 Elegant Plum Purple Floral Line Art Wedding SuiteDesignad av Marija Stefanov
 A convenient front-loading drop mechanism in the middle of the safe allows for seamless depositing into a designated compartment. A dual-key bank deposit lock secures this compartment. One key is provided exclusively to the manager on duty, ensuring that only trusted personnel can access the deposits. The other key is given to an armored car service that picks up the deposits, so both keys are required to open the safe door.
==
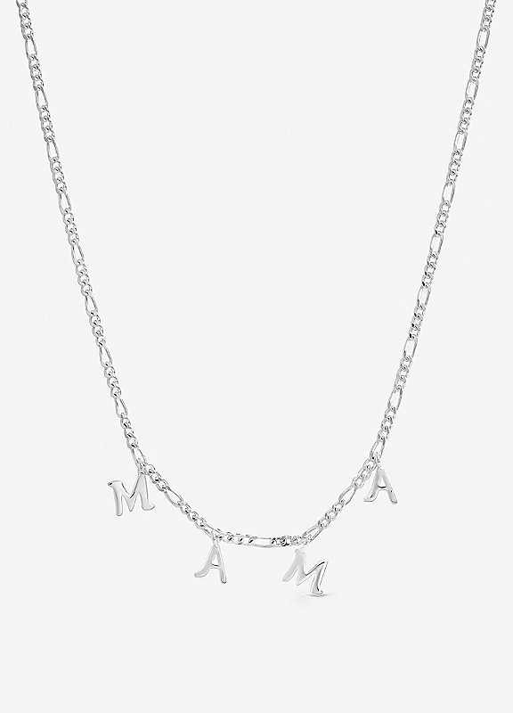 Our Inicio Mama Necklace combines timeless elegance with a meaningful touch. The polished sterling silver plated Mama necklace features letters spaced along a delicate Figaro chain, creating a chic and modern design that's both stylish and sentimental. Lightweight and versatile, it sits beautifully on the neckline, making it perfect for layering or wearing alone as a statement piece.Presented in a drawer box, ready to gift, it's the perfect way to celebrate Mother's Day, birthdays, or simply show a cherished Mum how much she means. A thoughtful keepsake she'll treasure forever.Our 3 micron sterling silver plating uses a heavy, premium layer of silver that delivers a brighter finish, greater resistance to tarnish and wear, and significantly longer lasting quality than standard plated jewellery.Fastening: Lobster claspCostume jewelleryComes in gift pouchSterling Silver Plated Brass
---
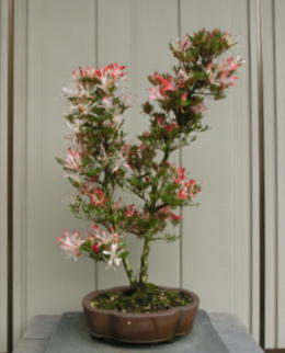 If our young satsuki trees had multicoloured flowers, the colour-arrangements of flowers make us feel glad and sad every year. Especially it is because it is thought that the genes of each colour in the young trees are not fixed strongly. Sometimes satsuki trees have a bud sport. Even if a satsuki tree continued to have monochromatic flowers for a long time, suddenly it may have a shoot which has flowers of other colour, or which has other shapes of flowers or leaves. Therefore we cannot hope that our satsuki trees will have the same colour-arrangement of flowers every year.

#### What you will do
As listed above, the lines from the line with "Elegant Plum Purple" to the line with "A convenient front-loading" are to be echoed exactly, with both ends included and nothing added.

#### Result of the exercise
 Elegant Plum Purple Floral Line Art Wedding SuiteDesignad av Marija Stefanov
 A convenient front-loading drop mechanism in the middle of the safe allows for seamless depositing into a designated compartment. A dual-key bank deposit lock secures this compartment. One key is provided exclusively to the manager on duty, ensuring that only trusted personnel can access the deposits. The other key is given to an armored car service that picks up the deposits, so both keys are required to open the safe door.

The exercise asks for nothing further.